Nicknamed “silent professionals,” America’s Special Operations Forces exist on the edge of war, moving behind and around front lines, preparing battles behind the scenes. They are as protected by obscurity as they are their own skill, which means that when they move around, it’s best if they can do it without any loud engines giving them away.
The Defense Advanced Research Projects Agency (DARPA), the Pentagon’s futuristic research wing, is making a silent motorcycle for the silent professionals. At a conference today in Tampa for Special Operations, DARPA showed off two different bikes.
As Defense One reports:
The combustion engines are for when the bikes don’t need to be quiet. Running on fuel, they reach 80 decibels — somewhere between a vacuum cleaner and a garbage disposal. Running on just electric power, the engines quiet down to 55 decibels — roughly as loud as an office. That silence becomes stealth, allowing the bicycling Green Berets to travel unheard, provided there is any other ambient sound at all.
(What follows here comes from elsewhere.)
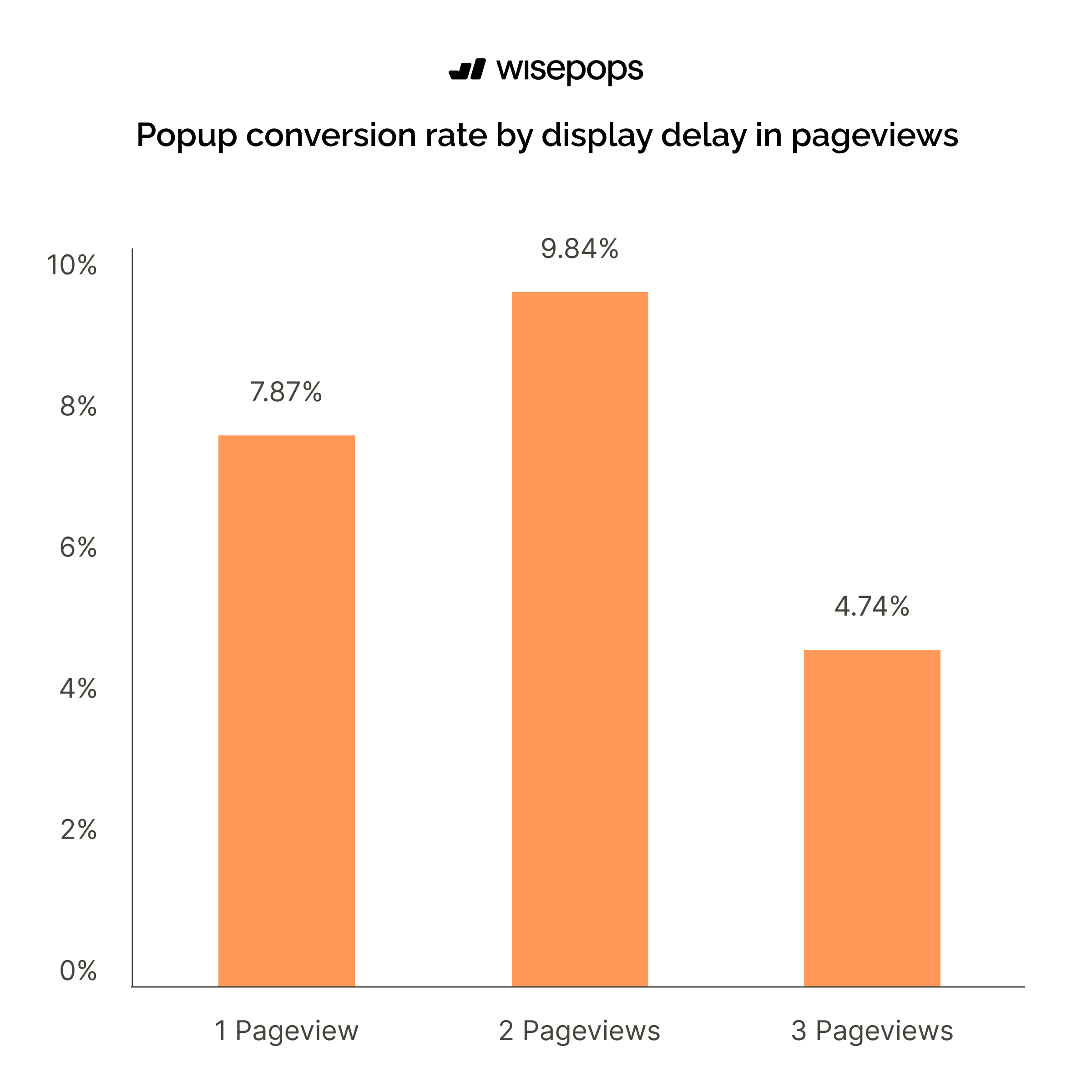 Single-page delays convert at 7.87%, while waiting for 3 pages drops significantly to 4.74%, suggesting that the optimal window for popup display is after visitors have demonstrated initial interest by viewing 1-2 pages but before they become too deep or lose interest.

What role does a motorcycle have on the modern battlefield? These bikes aren’t made to carry people straight into combat, but motorcycles can go where many vehicles can’t, and if the bicycles arrive by helicopter or a vertically landing V-22, then the special operators using them can go a great many places that adversaries would normally consider safe.
This is especially important for America’s long-running “light footprint” wars, where local allies do most of the major fighting with the support of American special forces and aircraft. Giving special forces the flexibility to move around countries undetected is a good way to do more with the resources we already have.
Both silent motorbikes are in phase two of a standard three phase development cycle, so they won’t make it to the battlefield just yet. Given how long America’s wars last, it’s likely they’ll still see some action before the conflicts are done.